*ACTIVITY:* Reproduce the entries shown below only from the line with "子供服 ベスト 春秋 ニット" down to the line with "Monsieur GILBERT DELAGE", keeping both end lines and copying each one exactly.

*EXERCISE INPUT:*

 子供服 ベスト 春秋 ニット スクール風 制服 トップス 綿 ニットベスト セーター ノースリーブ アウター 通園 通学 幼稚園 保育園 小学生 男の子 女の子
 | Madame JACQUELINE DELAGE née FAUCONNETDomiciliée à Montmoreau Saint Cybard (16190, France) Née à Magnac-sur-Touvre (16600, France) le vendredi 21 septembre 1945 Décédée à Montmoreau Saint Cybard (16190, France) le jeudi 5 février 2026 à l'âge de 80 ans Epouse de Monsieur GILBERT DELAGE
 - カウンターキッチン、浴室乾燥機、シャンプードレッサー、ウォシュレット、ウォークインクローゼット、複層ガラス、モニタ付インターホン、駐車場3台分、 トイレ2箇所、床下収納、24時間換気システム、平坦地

--

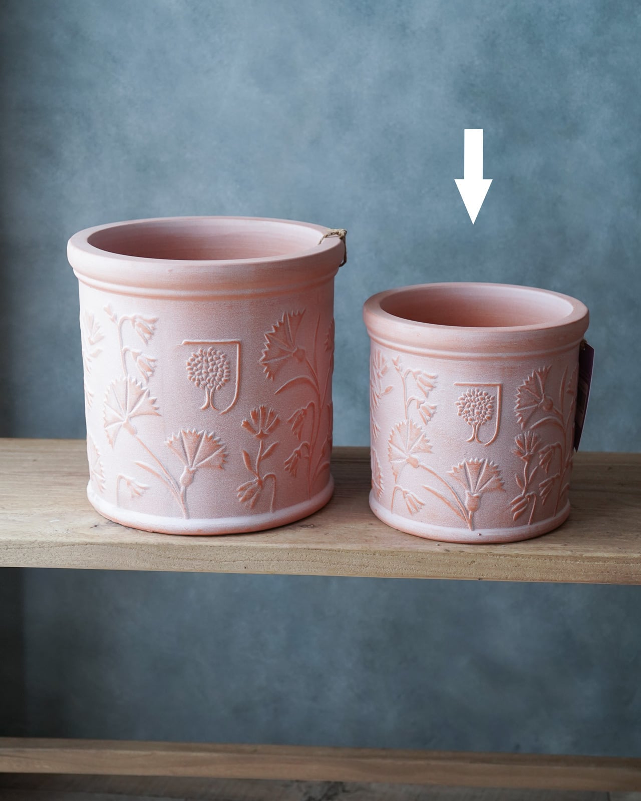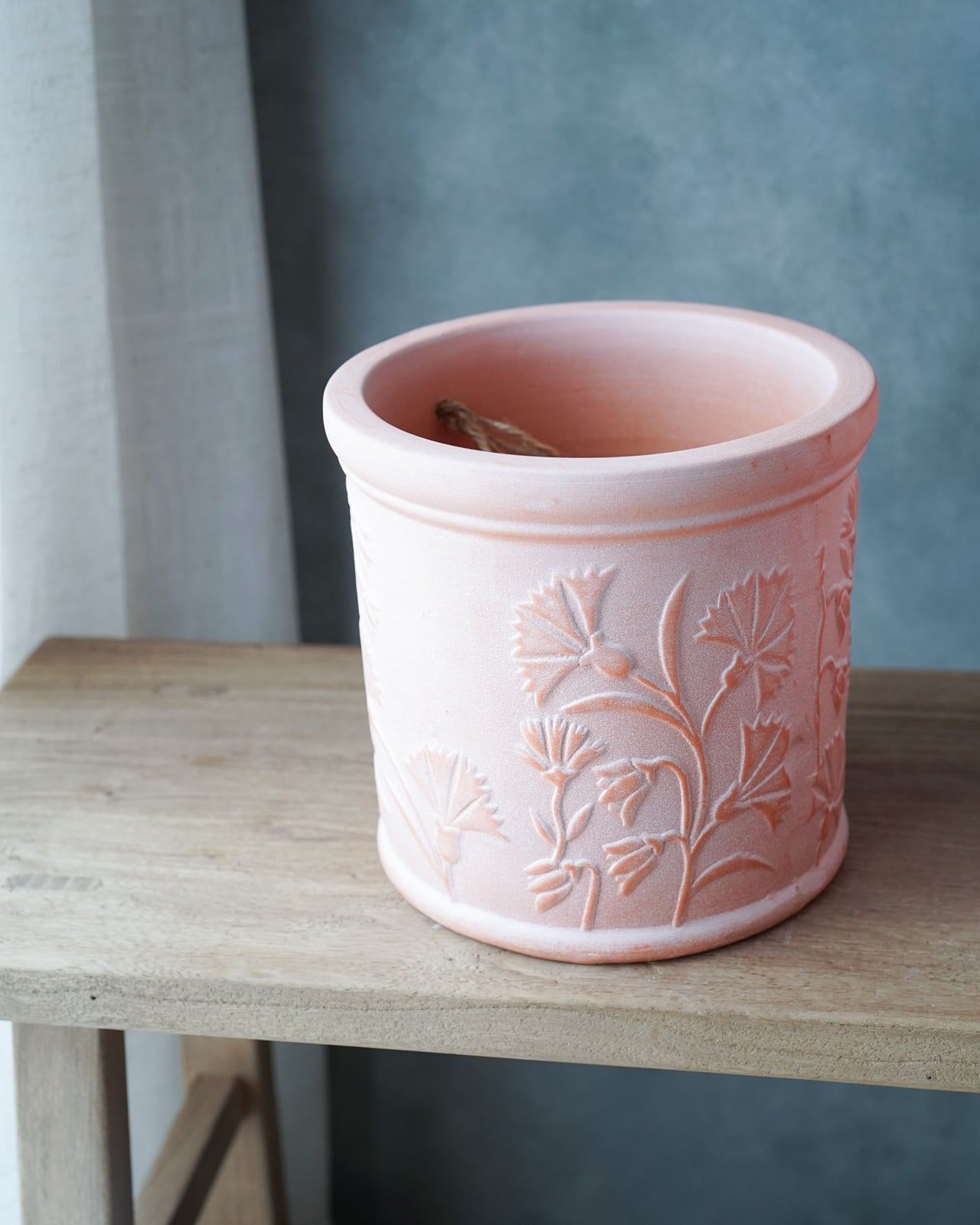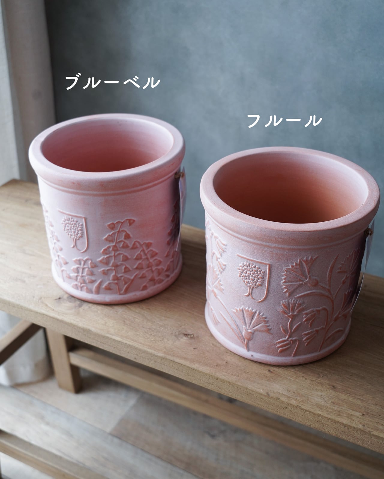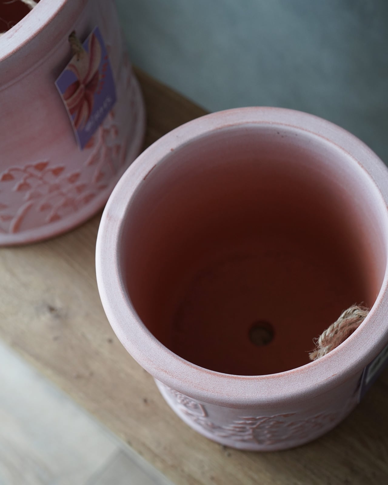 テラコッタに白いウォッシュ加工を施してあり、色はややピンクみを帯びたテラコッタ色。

...

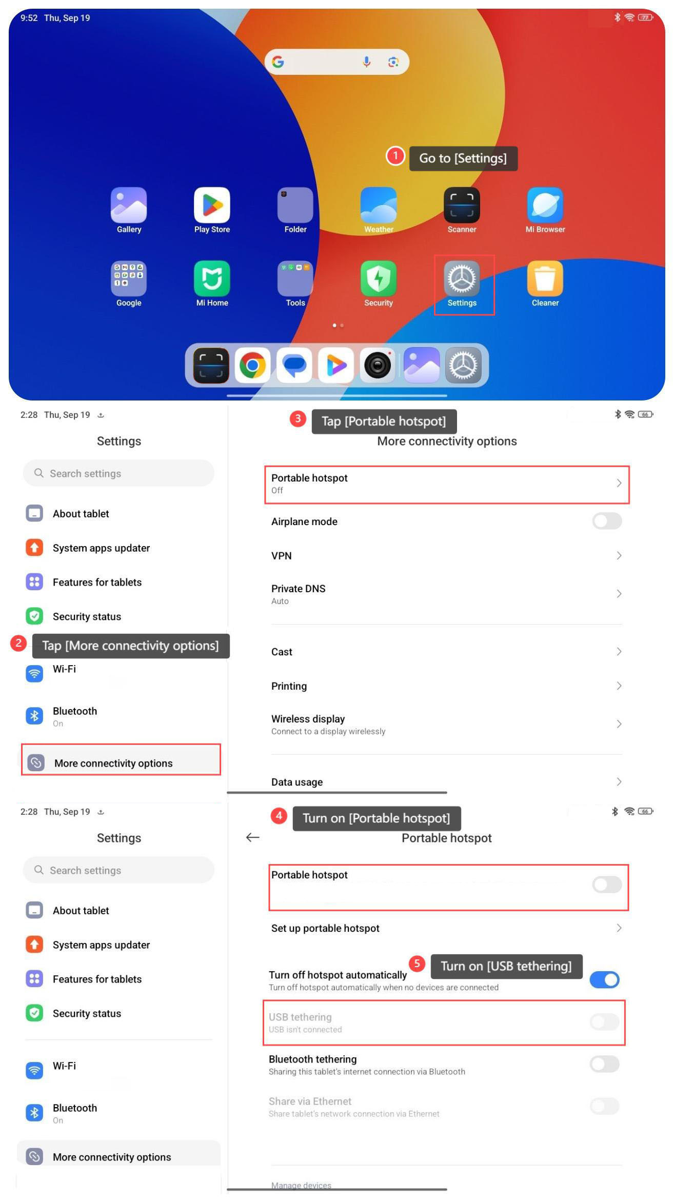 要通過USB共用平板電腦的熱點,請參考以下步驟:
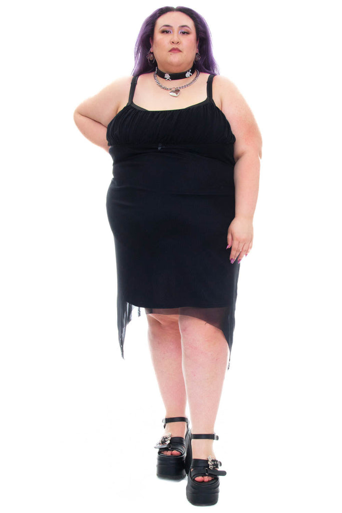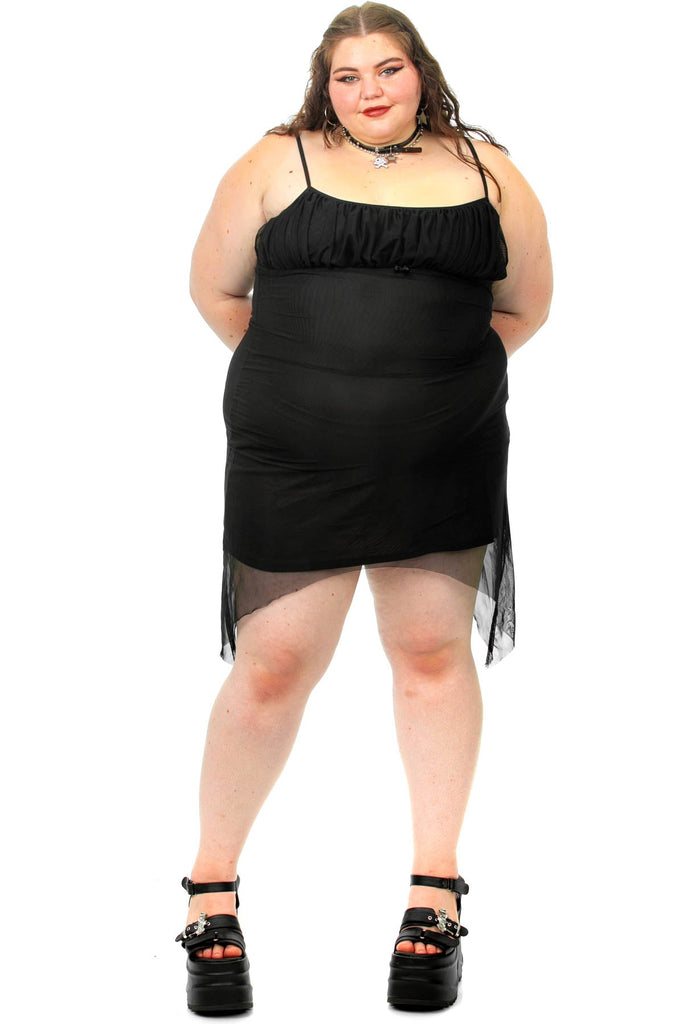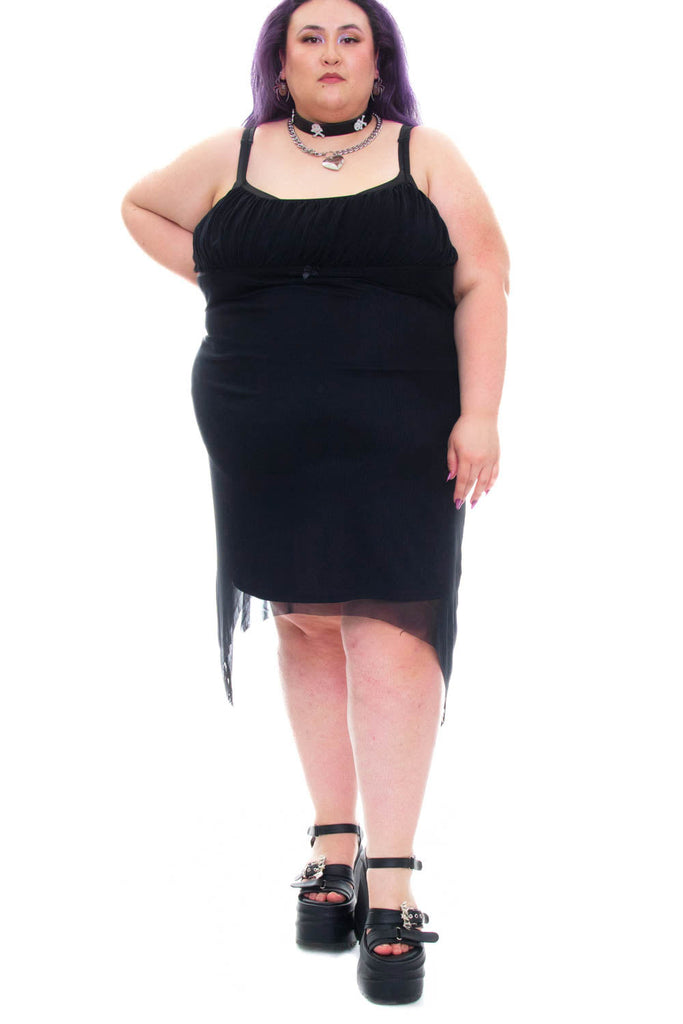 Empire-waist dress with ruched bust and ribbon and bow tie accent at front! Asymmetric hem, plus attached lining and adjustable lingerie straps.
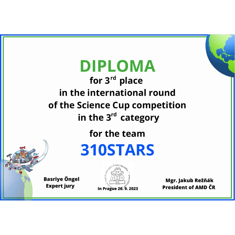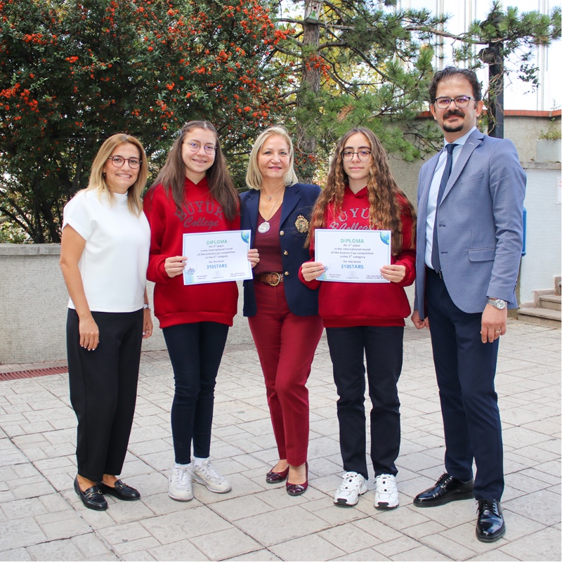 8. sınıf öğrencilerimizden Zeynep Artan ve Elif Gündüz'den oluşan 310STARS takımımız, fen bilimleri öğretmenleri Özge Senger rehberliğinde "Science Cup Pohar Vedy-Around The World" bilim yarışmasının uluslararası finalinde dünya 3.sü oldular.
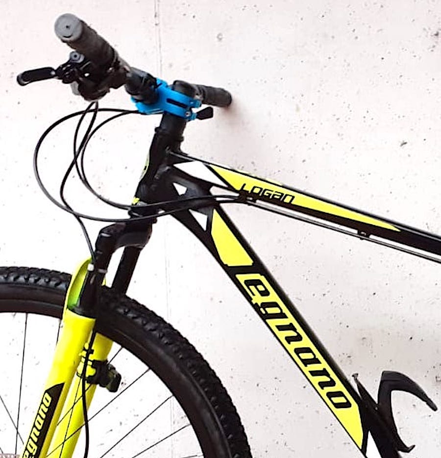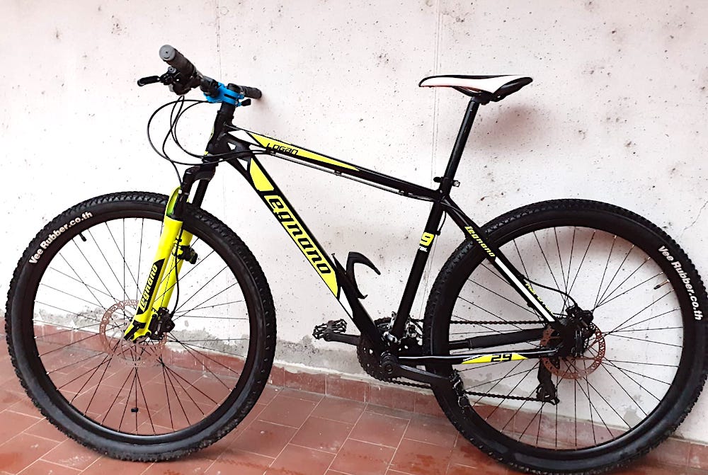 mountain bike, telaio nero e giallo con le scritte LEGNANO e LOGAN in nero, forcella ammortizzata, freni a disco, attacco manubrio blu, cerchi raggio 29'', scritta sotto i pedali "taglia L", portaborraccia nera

*SOLUTION:*
 子供服 ベスト 春秋 ニット スクール風 制服 トップス 綿 ニットベスト セーター ノースリーブ アウター 通園 通学 幼稚園 保育園 小学生 男の子 女の子
 | Madame JACQUELINE DELAGE née FAUCONNETDomiciliée à Montmoreau Saint Cybard (16190, France) Née à Magnac-sur-Touvre (16600, France) le vendredi 21 septembre 1945 Décédée à Montmoreau Saint Cybard (16190, France) le jeudi 5 février 2026 à l'âge de 80 ans Epouse de Monsieur GILBERT DELAGE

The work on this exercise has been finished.